Daha önce size gönderdiğim doğa ve fotoğraflarla ilgili Yılmaz Kilim arkadaşın, bununla ilgili bana iki tane mektup gönderdi. İlk mektubun cevabını kendisine yazdım. İkinci geldi. Onun da cevabını yazdım. Fakat uzun zaman oldu, cevap gelmedi. Mektubumun ulaşıp ulaşmadığını merak ettim. İlk gönderdiği mektup ile birlikte dört fotoğraf göndermiş. Duygu ve düşüncelerime yakın bir fotoğrafla ilgili düşüncelerimi yazmamı istemiş. Bunun üzerine doğanın güzelliği ile ilgili seçim yapmanın çok zor olduğunu seçim hakkını ona bıraktığımı yazdım.

(…)

Nasıl ki bir toplumun gelişmişlik düzeyi kadına verdiği değerle ölçülüyorsa, uygarlığın gelişmişlik düzeyi de barındığı yollarla ölçülüyor. Kuşkusuz yollar hayatları konfore eder, onları birbirine bağlar, yabancılaşmayı engelleyici etkileri vardır. Lakin asfalt çizgilere hapsedildi. Kanunlar hayatlara sınır çekti. Yollar da izne tabi tutuldu. Üstünde olduğunuz yolla bunlara kırmızı kart çıkartmışsınız. “yollar değil, kadınlar ölçüdür” diyorsanız, bakın bana. Ben kadınlardan aldığım güçle yürüyorum. “Yol ne kadar engebeli olursa olsun siz de bir destekle varabilirsiniz.” demek istiyor gibisiniz. Haklısınız. Yoldaki göletler, çamurlar, taşlar alıkoyamamış sizi amaçtan. Yolda alternatif yollar keşfetmişsiniz. Yolda kalmayın. Bu ağaç yalnız ne kadar ihtişamlı olsanız da yürüyün. Yürüyün ki, ufukta gökyüzü ile birleşip ormana, nehirlere kavuşasınız. Yılmayın, inançla yürüyün, koşun şayet benim gibi ruhu geniş insanız. Çünkü düşlediğimiz yaşam uzak değil.

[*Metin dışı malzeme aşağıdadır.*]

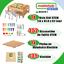 Stolik Edukacyjny STEM Masterkidz + Akcesoria pozwalają na kreatywną zabawę oraz poznawania świata nauki. Stół posiada panel z otworami, w które wkładając kolorowe i geometryczne kołeczki, śrubki, koła zębate można tworzyć przepiękne wzory. Dodatkowo w zestawie znajduję się płyta o wymiarach 39,7 x 39,7 cm, którą można ułożyć na stole oraz 135 klocków do układania na niej.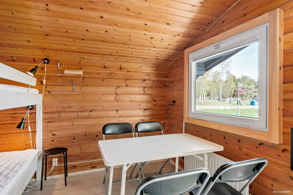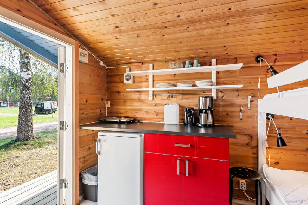 Lundbytorp ligger i et roligere område af campingpladsen, lidt længere væk fra receptionen og indgangen. Det er en mindre hytte på 12 kvm med fire sovepladser fordelt på to køjesenge à 80 cm. Hver seng har madras, dyne og pude. Hytten er indrettet med spisebord og stole. Køkkenet har køleskab, to kogeplader, to gryder samt de vigtigste køkkenredskaber og service til fire personer. Hvis I ønsker en stegepande, er I meget velkomne til at låne en i receptionen. Der er ikke rindende vand i hytten, men der er vanddunk og opvaskebalje. Bad, toilet og større køkken findes i de fælles servicebygninger på området. Det er tilladt at tage sin firbenede ven med i denne hytte.

Evet yoldaşlarım, ben yolumu seçtim yolla bütünleşen yoldaşlar için.

Sevgili Adil Hoca,

Bir kez daha selam ve saygılarımı gönderiyorum. Ülkemize barış, özgürlük ve huzur gelmesini diliyorum. Ayriyeten sevgili yeğenim Öykü’ye de selam ve sevgilerimi gönderiyorum.  İlerde sevgili Öykü için güzel bir tablo yapmaya çalışacağım.